Taking this all into account, it made sense to split our core experience into three chronologically distinct segments; expectations, whether meaningful connection “peak” experience had been achieved, and the remembered experience. These three elements were combined with the NPS to constitute our “core” experience and constitute the third pillar of our CX Score.

The Customer Experience Score 

My mockup of the final score

My mockup of the final score

Having identified the important elements of the score, I mocked up what, in the future, it look like, but we still needed to ask the right questions in order to fill in the unknowns. Using our maps, we identified what we needed to be asking and when, and collected for each of these corresponding metrics (i.e. on-site membership signups to compare to meaningful connections) and also corresponding issues that needed to be addressed.
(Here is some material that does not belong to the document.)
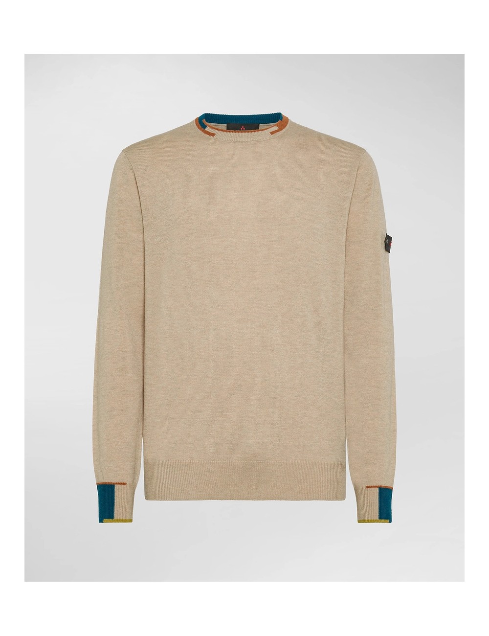 Maglia girocollo in tricot di misto lana e nylon, caratterizzata da dettagli a contrasto su collo, polsini e fondo che ne esaltano il carattere contemporaneo. La costruzione pulita e la palette raffinata la rendono un capo versatile, perfetto per aggiungere un tocco di personalità ai look quotidiani. La personalizzazione con l’iconico logo Peuterey, applicata sulla manica sinistra, completa il design con un tocco distintivo.
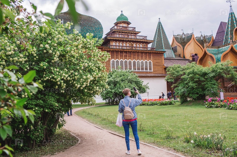 Городской ландшафт. Популярная туристическая достопримечательность. Визитная карточка Москвы. Деревянный дворец царя Алексея Михайловича в Коломенском. Турист фотографирует достопримечательности. Россия, Москва, май 2023 г

We then needed to determine how important each of segments was to the total score, and so in order to find out these weightings, I asked customer service staff at IWM to carry out a card-sorting exercise to rank each element of the score in terms of importance. This then became the initial weightings of the score, from a customer perspective.


Outcome

On 3 January 2020, IWM London launched an incentivised on-site survey to collect the missing elements of the CX Score. This pilot project will run until March and will help both test the concept and set baseline metrics from which to develop. Also as of 2020, the IWM is engaged in an internal restructuring, and as part of this each museum will have a Head of Customer Experience, which will be gauged and incentivised using the new CX score. This will in time replace the current existing situation we uncovered, where different department have competing KPIs.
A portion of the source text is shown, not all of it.